The researchers recommend that early enrolment in clinical trials after COVID-19 symptom onset or only including patients in clinical trials who develop symptoms in a specific time window would be more likely to result in studies that could detect a genuine antiviral effect.
The authors conclude that their model emphasizes that, besides the dose and mechanism of action, the time of treatment initiation and individual differences in response to the virus can influence the efficacy of an antiviral drug.
Considering the strengths of the study, the researchers note, “We used clinical data from [patients with a SARS-CoV-2 infection] for the simulation.
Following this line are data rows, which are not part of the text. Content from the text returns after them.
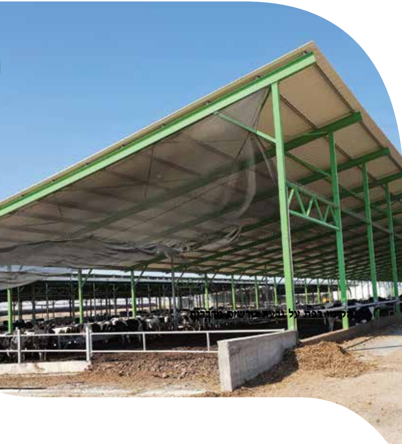
התקנת מערכת מינימום מים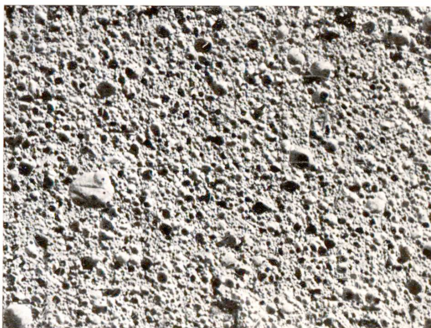
Fig. 2. Structure du béton cellulaire. gros 2 fois

produits en ciment à pouvoir isolant élevé (corps creux pour planchers, plaques isolantes pour murs, briques pour cheminées, etc.).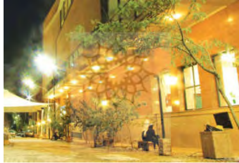
شکل ۴- مبلمان شهری (۳)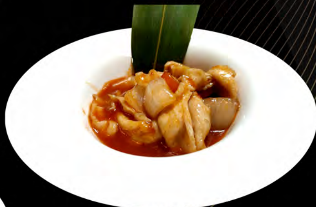
47. POLLO IN SALSA CHILI chicken in chili sauce € 6,00 allergeni: 14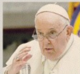
Il monito. Il Papa per una tregua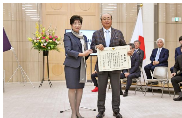
2019年度東京都スポーツ推進モデル企業授賞式の様子

一方、「美と健康を提供するなら、まずは自分達から」と考え、社長も含めた全従業員がまずはエクササイズを実施。2011年から9年以上、毎朝取り組み、 2019年度には、上位11社に与えられる「東京都スポーツ推進モデル企業」にも選定 されました。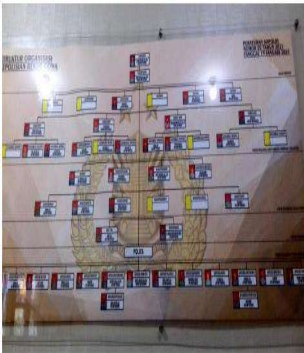
Gambar 4.1 Struktur Organisasi Polres Gowa.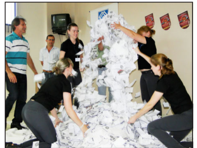
Sorteio foi nesta quinta-feira

Nesta quinta-feira, dia 09, ocorreu o penúltimo sorteio da Campanha Nota Fiscal dá Prêmios - Natal de Prêmios Teutônia, promoção da Prefeitura de Teutônia e realização da Câmara de Indústria e Comércio (CIC). Em sorteio realizado no auditório da CIC, acompanhado por representantes da comunidade, da administração municipal, da Câmara de Vereadores, da imprensa, do comércio e da CIC, foram sorteados um notebook e dois vale-compras no valor de R$ 200,00 cada.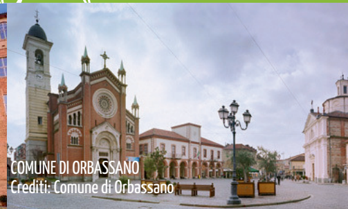
COMUNE DI ORBASSANO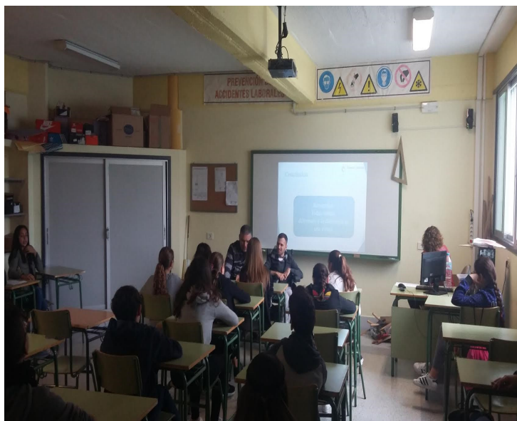
Otra imagen del taller sobre Acoso escolar y Discapacidad.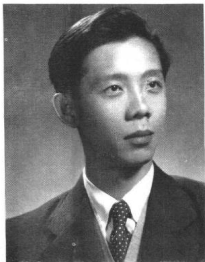
朱德熙先生在保加利亚（1952年）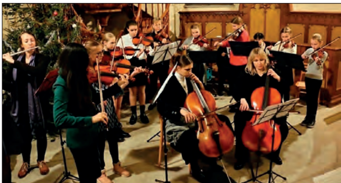
V programu adventního koncertu vystoupil i orchestr žáků smyčcového a dechového oddělení.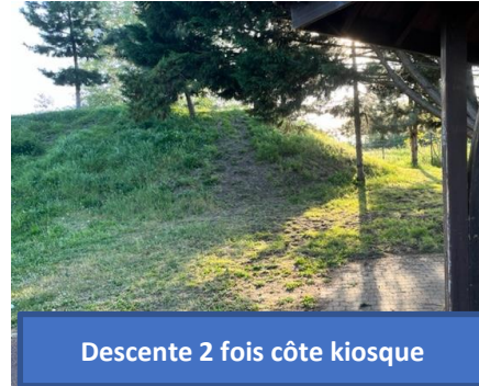
Descente 2 fois côte kiosque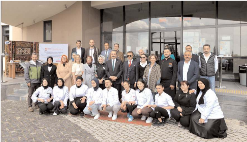
Günün anısına toplu hatıra fotoğrafı çekildi.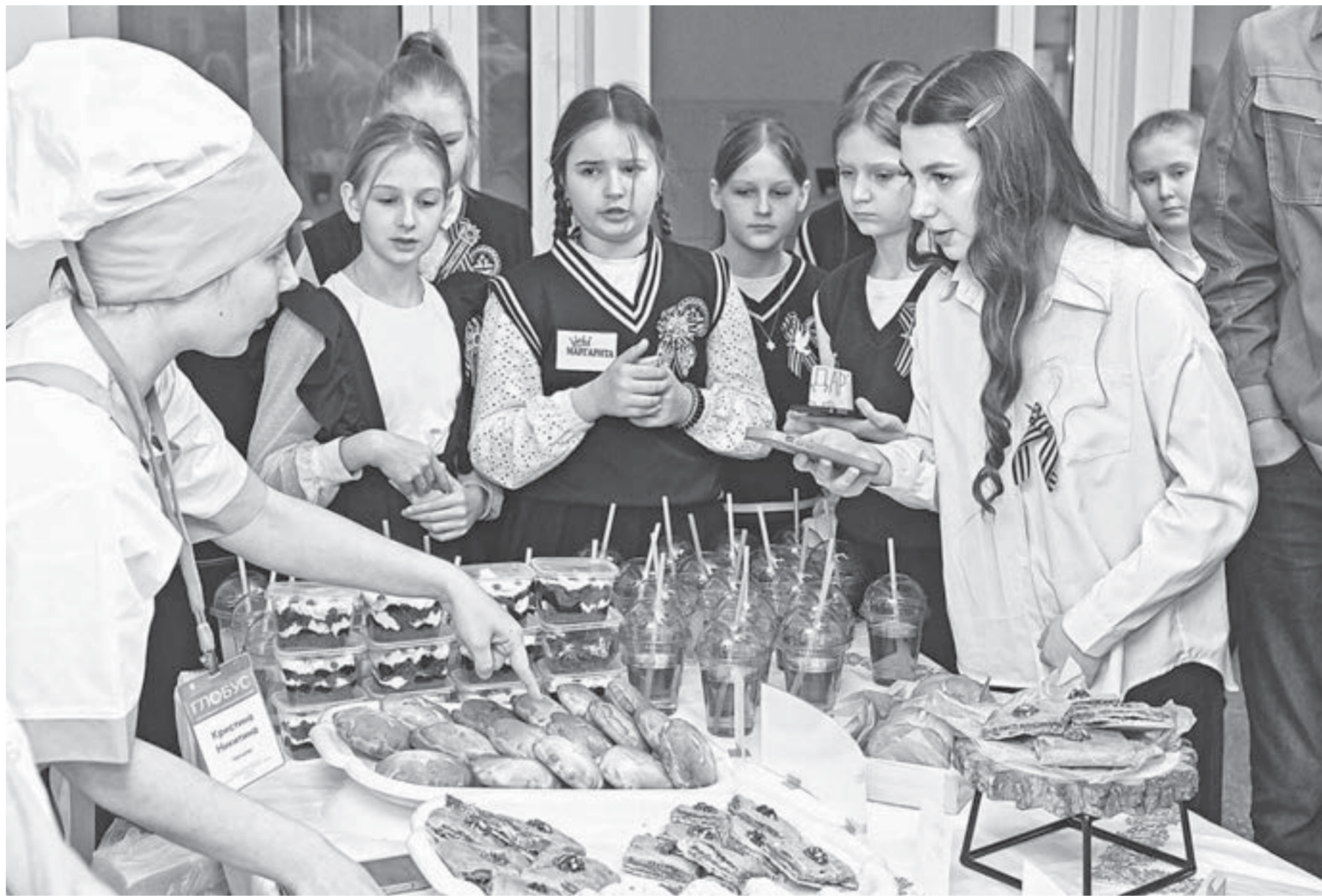
Школьники с удовольствием попробовали блюда разных народов.

В Барнауле прошел фестиваль национальных кухонь «Гастрономическое наследие народов России»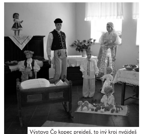
Výstava Čo kopec prejdeš, to iný kraj nájdeš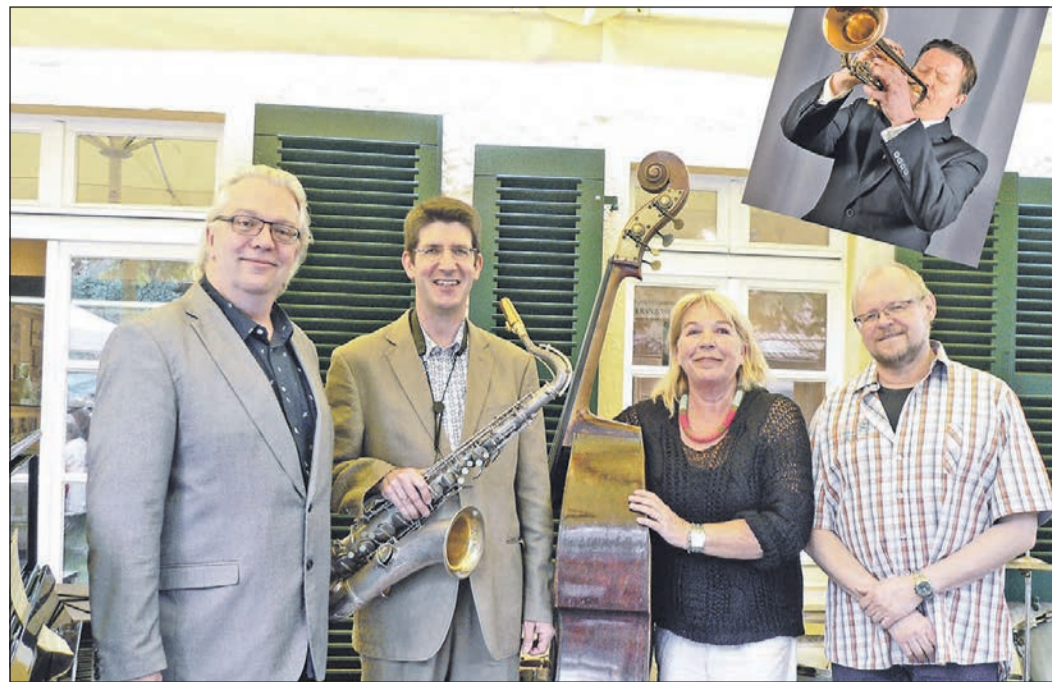
Die fünf Musiker von „Born to Swing“.

Roman-Debüt „Ich bin die, vor der mich meine Mutter gewarnt hat“ einen Erfolg gelandet und den Schweizer Literaturpreis gewonnen. Wie der Autor auf die ungewöhnliche Geschichte der „Mr. Goebbels Jazz Band“ gestoßen ist und welche Rolle Jazz in seinem Leben spielt, erzählt er spannend und eindrucksvoll in seiner Lesung. Die Veranstaltung findet im Rahmen des Literaturfestivals „Leseland Hessen“ statt, mit freundlicher Unterstützung des Hessischen Ministeriums für Wissenschaft und Kunst, der Sparkassen-Kulturstiftung Hessen-Thüringen sowie hr2-kultur. Die Lesung am Dienstag, 19. September, im Bürgerhaus Schwalbach beginnt um 19.30 Uhr. Die Karten kosten fünf Euro und sind im Vorverkauf über den Kulturkreis und in der Stadtbücherei sowie an der Abendkasse erhältlich.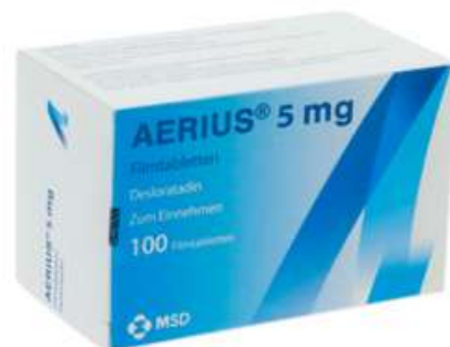
PZN: 05124534 Aeries 5 mg 100 Filmtabletten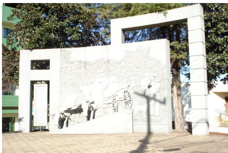
FOTO A.1.5 - O MONUMENTO AO PIONEIRO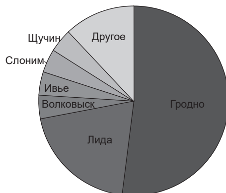
Рисунок 2 — Количество транспортно-логистических организаций в регионах Гродненской области

Исходя из полученных данных, можно сделать вывод, что основные организации, оказывающие транспортные услуги, находятся в Гродно и Лиде. Данные населенные пункты являются основными промышленными центрами Гродненского региона, что обуславливает повышенную востребованность в транспортно-логистических услугах, но недостаточность финансирования и внедрения инновационных технологий тормозят их развитие.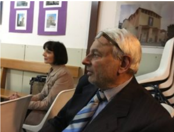
Per amore dell'acqua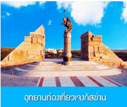
อุทยานทองเทียวเจงกิสข่าน

รับประทานอาหารกลางวัน ณ ร้านอาหารพื้นเมืองในเขตอุทยาน (11)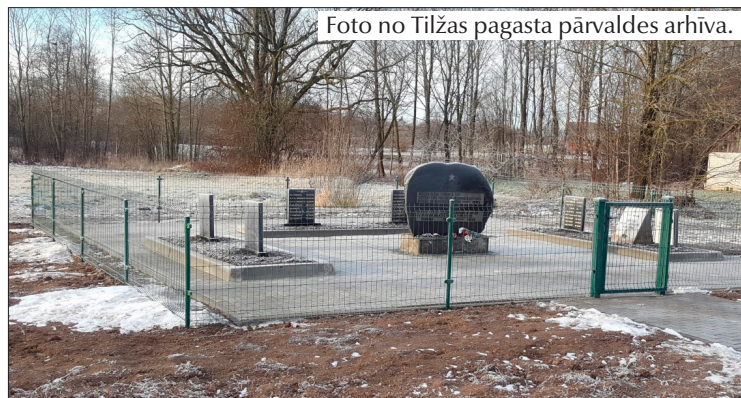
Piemiņas vieta Tilžā.

Tagad šī piemiņas vieta ir ieguvusi pavisam jaunu izskatu.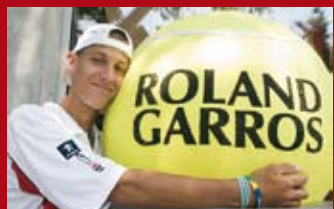
Snímka na pamiatku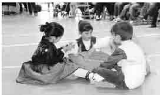
Distintos momentos de La Contornada en Crivillén.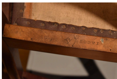
Vue de l'estampille IVR84_20216301418NUC4A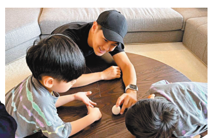
● 網友擔心林志穎一家在台的安，林志穎也特別在社交網報平安。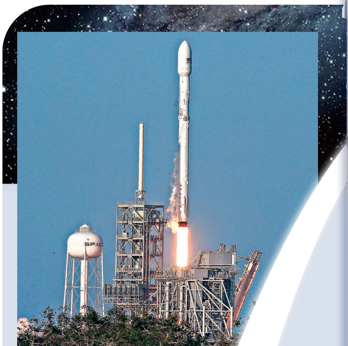
▲「獵鷹9」火箭在美國佛羅里達州肯尼迪航天中心發射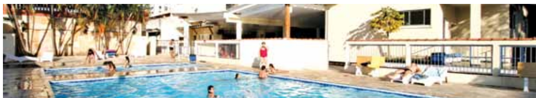
Colônia de Férias de Praia Grande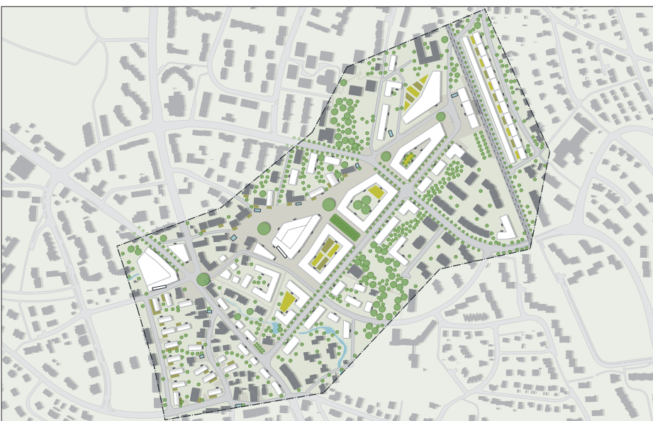
Städtebaulicher Masterplan 2050

Ergebnis: Im Endergebnis entsteht in Seen ein neues Zentrum. Durch eine Steigerung der baulichen und sozialen Dichte soll das Zentrum belebt werden. Der Bevölkerung sollen, vor allem in Anbetracht der starken Verdichtung, Nächsterholungsräume zur Verfügung gestellt werden. Die städtebaulichen Fluchten sollen entlang der Kanzleistrasse hart und entlang des Brunnenwegs (Hinterdorfstrasse) weich verlaufen. Damit soll auf die umliegenden Quartiere reagiert werden. Die speziellen Eigenschaften des historischen Ortskerns werden betont und verhelfen Seen zu einer stärkeren Identifikation. Mit dem Bahnhofsgelände entsteht zudem ein Repräsentationsobjekt.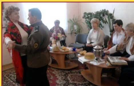
Пожелаем участникам клуба «Вдохновение» ПОБЕДЫ в фестивале клубного движения!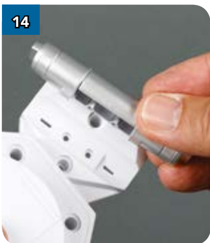
14 Поднесите собранное устройство к накладке (BP-61), чтобы его штифты и выступы совпали с соответствующими отверстиями накладки.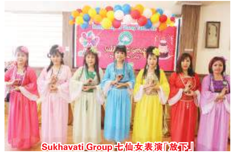
Sukhavati Group 七仙女表演《放下》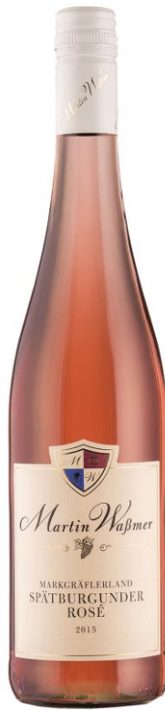
2015 Spätburgunder Rosé Kabinett feinherb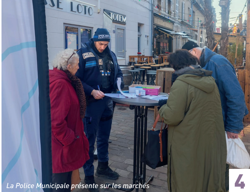
La Police Municipale présente sur les marchés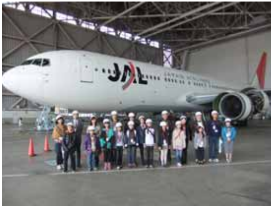
飛行機の整備工場にて記念撮影

4日に日本航空山口宇部営業所協賛にて「JALで行く学校では受けられない授業」を東京羽田空港にて開催。156組の応募の中から抽選で選ばれた親子10組20名が、JALの整備、乗務員、貨物の各部門を見学し航空業界の仕事について学んだ。

Thus, our numerical results are realistic and directly interpretable for drug development for SARS-CoV-2. In other words, our approach is flexible and can be applied to other antiviral drugs for other diseases by replacing the dataset.”
However, the authors also state that their model was minimalist and based only on viral load data. They note:
“At such time that further data and appropriate scientific information about infection dynamics becomes available, more complex models may be able to capture additional details of within-host viral dynamics.”
“We did not use viral load data under treatment to evaluate our model because such data were not sufficiently available. Estimating antiviral effects from such data and using that in the sample size calculation would strengthen our approach, but we need to wait until such data are accumulated,” elaborated the researchers.